Lebensraum Der ökonomische Nutzen, den Israels Luftwaffe und zivile Luftfahrt durch die Reduzierung von Vogelschlag haben, ist nur ein positiver Effekt von Yossi Leshems Einsatz für die Vogelwelt. Durch überzeugende wirtschaftliche Argumente kann er den Lebensraum von Vögeln in seiner Heimat mehr Geltung verschaffen – und das in Zeiten, in denen dieser durch Zersiedelung und Umweltzerstörung akut in Gefahr ist.

Auch solchen Vögeln, die Israel nur überfliegen, droht Gefahr. Denn noch immer gelten etliche Vogelarten in vielen Gesellschaften als lukullische Spezialität. Das gilt vor allem für Israels Nachbarland Ägypten, wo entlang der Küste Fangnetze mit einer Gesamtlänge von 700 Kilometern ausgebreitet sind. Weltweit sorgen sie für Empörung. Und für einen Ornithologen wie Yossi Leshem bedeuten sie das nackte Grauen.

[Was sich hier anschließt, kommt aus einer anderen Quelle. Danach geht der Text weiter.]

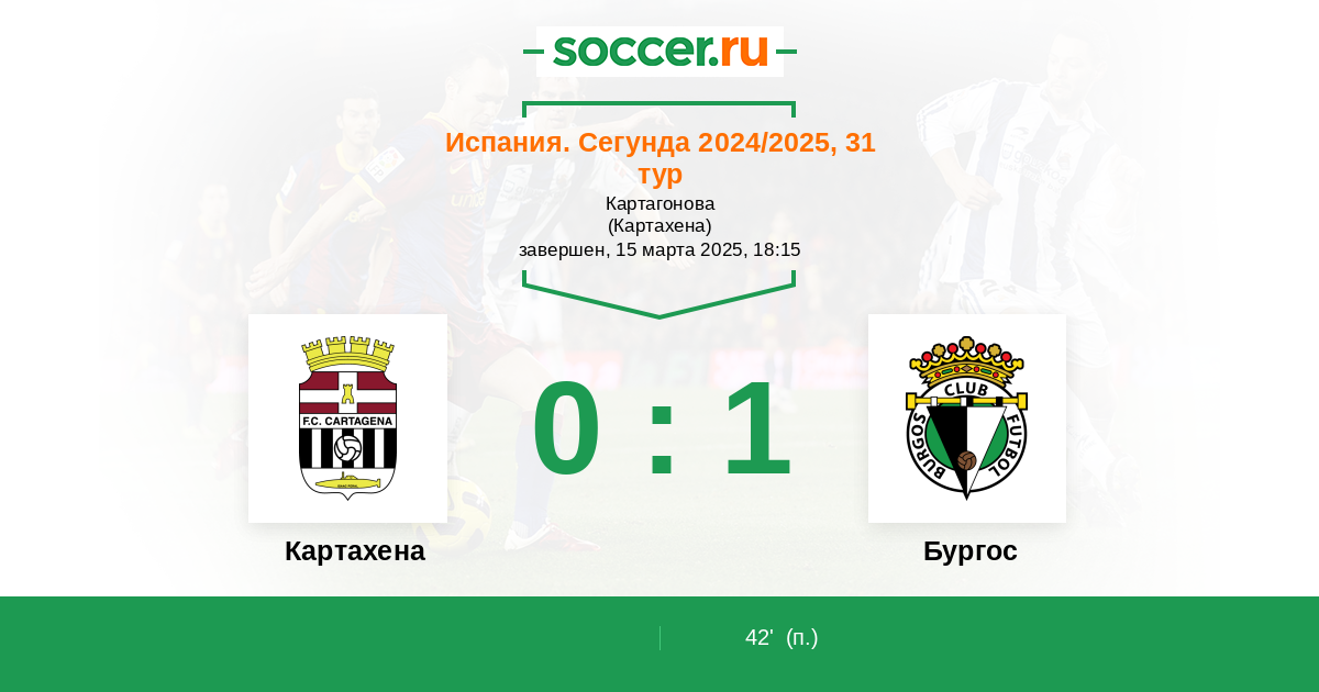 Протокол матча Картахена против Бургос
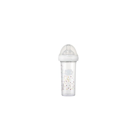 Appartient à la famille des biberons gigognes intégralement fabriqués en France, vous pouvez les combiner avec deux autres biberons de 210 ml. Toutes nos bouteilles sont en copolyetser puériculture c’est ce qui leur confère cette transparence si unique. De plus cette matière ne capte ni l'odeur ni la couleur des aliments pour qu'il reste toujours beau. Toutes nos tétines cols larges sont en 100% pure silicone. Le flacon de 360 ml est déjà fourni avec son anneau de réduction et une tétine M recommandée pour les bébés de + de 6 mois.
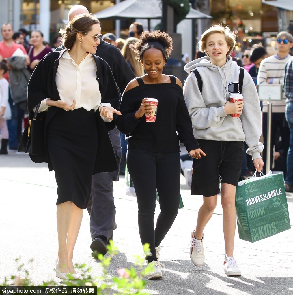 安吉丽娜·朱莉带两个女儿逛街 13岁希洛身高直逼170cm妈妈
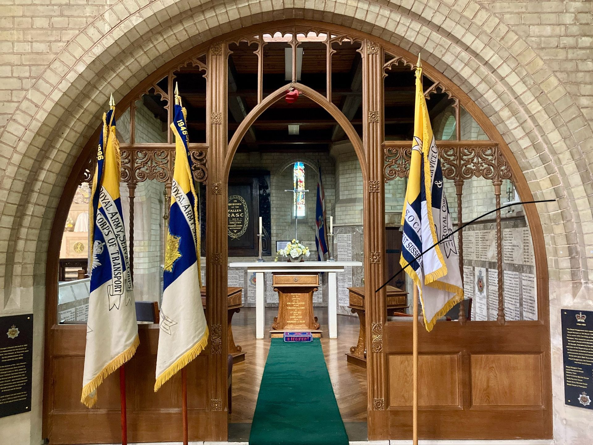 The Royal Army Service Corps holds a memorial service in the Cathedral each year and their Chapel of Remembrance is to the south of the Sanctuary.
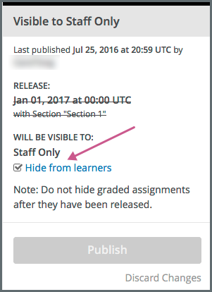 When you hide a unit from learners, the unit’s publishing status changes to Visible to Staff Only.
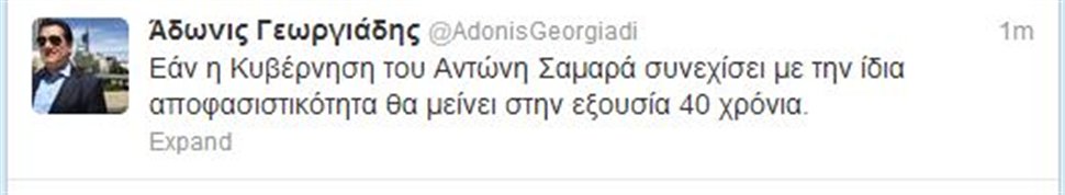 Ο βουλευτής της Νέας Δημοκρατίας σχολίασε στο twitter ότι «εάν κυβέρνηση του Αντώνη Σαμαρά συνεχίσει με την ίδια αποφασιστικότητα, θα μείνει στην εξουσία 40 χρόνια».
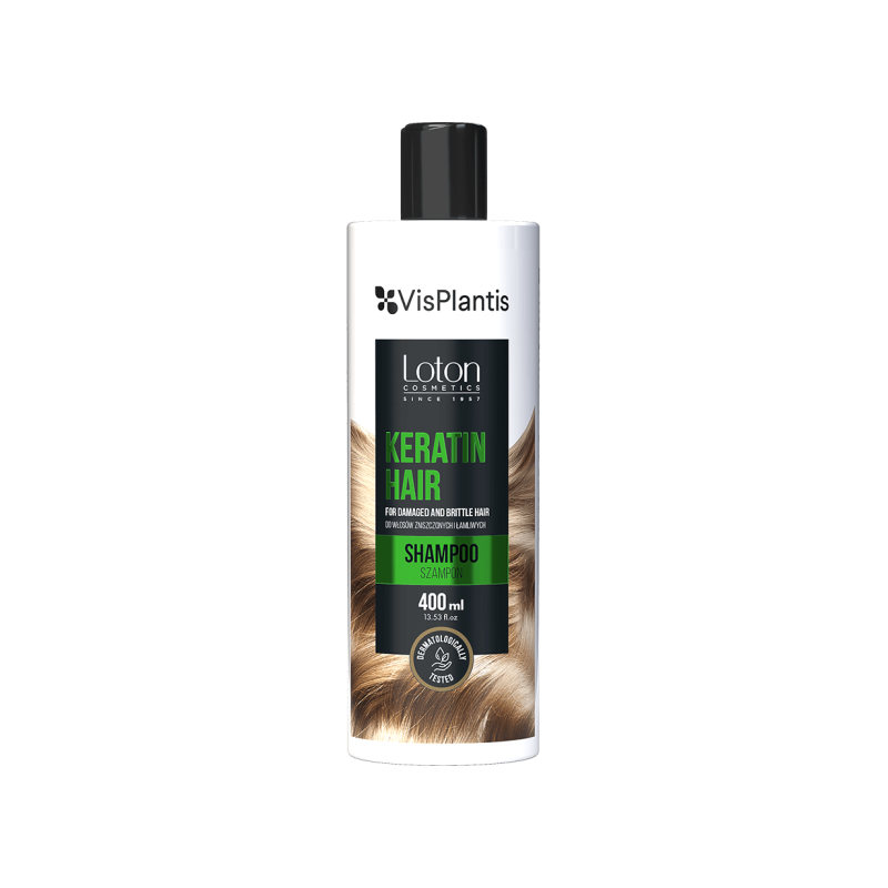 VIS PLANTIS LOTON SZAMPON DO WŁOSÓW ZNISZCZONYCH 400ML KERATYNA Włosy odzyskują naturalną siłę, stają się wygładzone, lśniące i bardziej spreżyste.
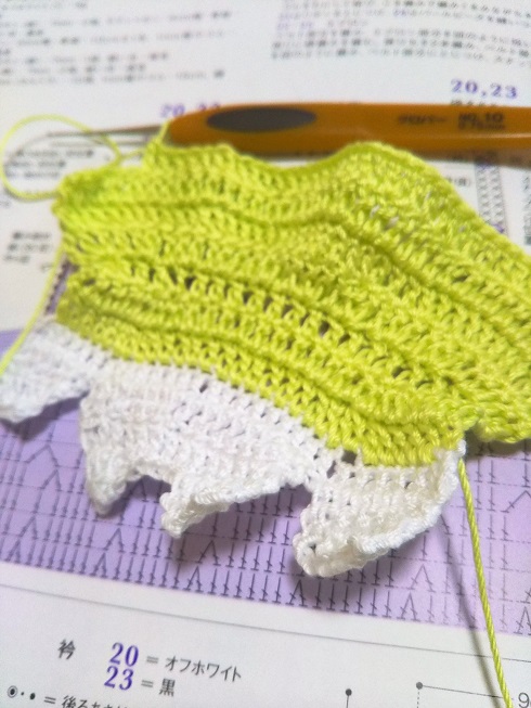 本当はフリルの部分を黄緑で編むんですが間違えました💦
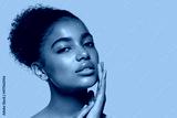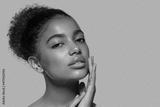 Beauty woman black skin face smiling model touching her face. Color background. Green
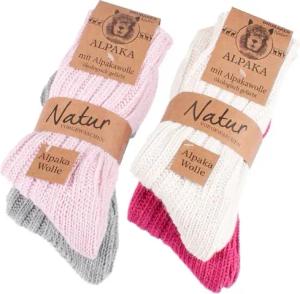 4 Paar Alpaka Socken mit Alpakawolle - Wintersocken Set für Damen und Herren - Pink Rosa Beige Grau - Größe 35-38
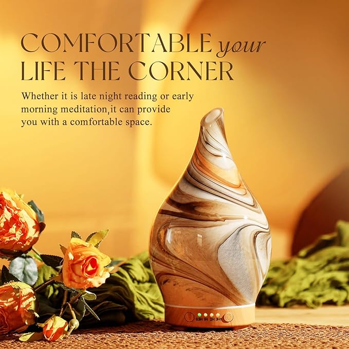 - UNIQUE ART DECORATIVE DESIGN - Our 150ml glass essential oil diffuser has an elegant starry pattern glass cover and wood grain decorative base. It is very suitable for your bedroom, living room, children's room, study room, office, and yoga room.
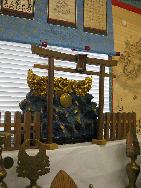 田端富士を下りて、一行は祭壇のある場所へと移動しました。 通常は、田端八幡神社の境内の散集殿というところで拝みをするのですが、今年は改築のため、参道下に設えた仮の建物で行うことになりました。 八幡神社のすぐ西隣には、赤紙仁王(体の悪いところに赤紙を貼ると治ると言われる)で有名な、東覚寺があります。仁王像は、赤紙に埋まって姿も見えず。 寺の前は、ついこないだまで細い道だったのに、区画整理でこんなに見通しがよくなりました。 道を指差し、講元が言いました。 「この道が『弾丸道路』だよ」 「え?ダンガン?」 「そうだよ。戦争時に海の方まで運んだ道さ。北にずっと行くと赤羽団地だよ」 もっと詳しくお聞きしたかったけど、儀式が始まるので断念し、皆さんの後を追いました。 祭事の行われる会場の入口に。。。あ、神田の講から? これは田端の富士講、「山元講」のマネキです。 さて、祭壇ふたたび。田端冨士三峰講のお宝は、以前から調査報告書で知っていましたが、本物を拝見するのは初めてです。(初拝みは一般公開しているわけではなく、内々のことだから当然と言えば当然ですが) 講のお宝である祭祀具は、【北区のサイト】に出ています。 「田端冨士三峰講祭祀具 附 関係文書」を北区指定有形民俗文化財に指定(指定日平成21年12月9日) 掛軸や祭壇の品々は、手入れもよさそうですごく美しい。 でも、なんとなくヘンだ。 あれあれ? こちらから見てもやっぱり。 大事なものが足りない(!?!?)。 これは、講の方が持って来られた昔の写真。 そうです。富士山型の御神鏡がない。 (どうやら私だけが気づいたようでしたが)儀式は滞りなく進みました。 文化財に指定されたとはいえ、講の方たちにとっては自慢の祭祀具よりも ココロのほうが大切。こんなハプニングも微笑ましい、和やかな集まりでした。 ほんの一部ですが、素晴らしい品々をアップ。 紋は、山元講の前身である「丸長講」です。 などなど、どれもが丁寧に手入れされています。 そして、全員で読誦する「お伝え」。感激でした。 やはり、声に出すのはすごいと思いました。 3年ほど前のこと。私が敬愛するネイティブアメリカンの指導者、デニス・バンクス氏が来日した際、とあるお寺で、彼の歌に合わせ全員で般若心経を唱えたことがあります。全く違うふたつのものでしたが、途中から素晴らしいバイブレーションを生み、感動と共に「声による浄化」を肌で感じたことがあります。 拝みをしていても、たまにそんな瞬間があり、驚きます。 そうそう。御師のSさんが富士吉田からいらしていて、プチレクチャーに盛り上がりました。偶然にも、Sさんは、昨年私が火祭りツアーの際お世話になった方たちとも懇意で、私の本も御存知でした♪ つづく。。。 ★★★★★★★★★★★★★★★★★★★★★★★★★★★★★★★★ 【富士塚ナイト】は、3月14日ですよ♪
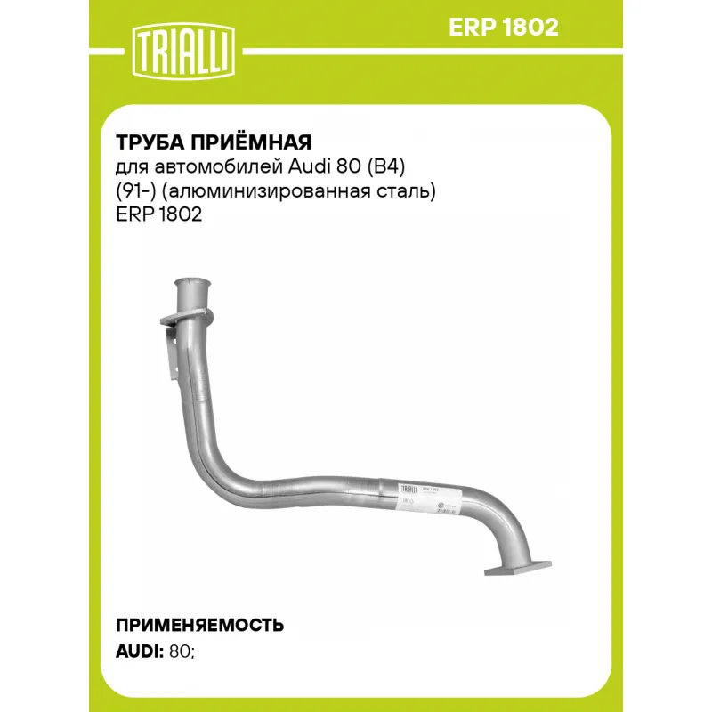 Труба приёмная для автомобилей Audi 80 (B4) (91-) (алюминизированная сталь) Характеристики: Артикул: ERP 1802 OEM номера: 8A0253101B Количество на автомобиль: 1 Гарантийный срок: 2 года/60 тыс. Материал: Алюминизированная сталь Длина изделия (мм): 697 Диаметр трубы (мм): 51 Место установки: спереди Товарная линейка: BLACK Дополнительная информация: Этикетка изделия может отличаться от представленной на фото Комплектация: Труба приемная - 1 шт Гарантия: от 1 года.
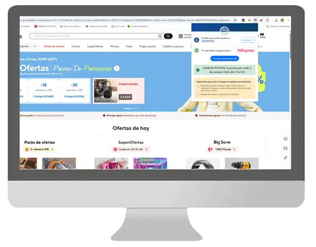 Cada vez que visites una tienda online presente en Travel Club la extensión te avisará para que puedas acceder desde Travel Club y obtener puntos cuando realices tu compra.

Doch Leshem kennt auch Erfolgsgeschichten. Die der Mauersegler beispielsweise. Viele Plätze gibt es nicht auf der Welt, an denen sich ihr schrilles Gekreische mit dem Gemurmel von Betern mischt. Die Kotel in Jerusalem ist so ein Ort. 88 Brutpaare dieser schwarzen schwalbenartigen Vögel nisten in den Fugen zwischen den Steinquadern, manche nur wenige Zentimeter über den Köpfen der Beter. In den Morgen- und Abendstunden ist die Luft erfüllt vom schrillen Kreischen dieser nur 40 Gramm schweren Vögel. Es ist Enthusiasten wie Yossi Leshem zu verdanken, dass die Mauersegler alljährlich zu ihren Brutplätzen zurückkehren.

Symbol »Wir glauben, dass die Mauersegler die Kraft haben, die Menschen miteinander zu verbinden. Diese Vögel sind in der Heiligen Stadt Jerusalem ein Symbol der Freiheit, ein Symbol der Liebe.« Das sagte Yossi Leshem bei der letztjährigen Willkommensfeier, die er und ein paar weitere Vogelliebhaber, die mit Ferngläsern anrückten, zu Ehren der Wiederankömmlinge veranstaltet hatten. Repräsentanten verschiedener Weltreligionen waren gekommen, und auch Jerusalems Bürgermeister Nir Barkat demonstrierte durch seine Anwesenheit die Bedeutung der Vögel.

Bereits Mitte Februar kehren Mauersegler aus ihren afrikanischen Winterquartieren nach Israel zurück. Während hierzulande noch klirrende Kälte herrscht, machen diese Vögel für rund 100 Tage in Israel halt, um ihre Eier auszubrüten. Viel braucht es dazu nicht: Es sind ein paar Halme, die auf dem nackten Boden zusammengekratzt werden, um darauf die Eier abzulegen. Aber auch nach dem Schlüpfen der Küken geht es spartanisch zu: Denn die Jungen bleiben, bis auf die Zeit der Fütterung, sich selbst überlassen.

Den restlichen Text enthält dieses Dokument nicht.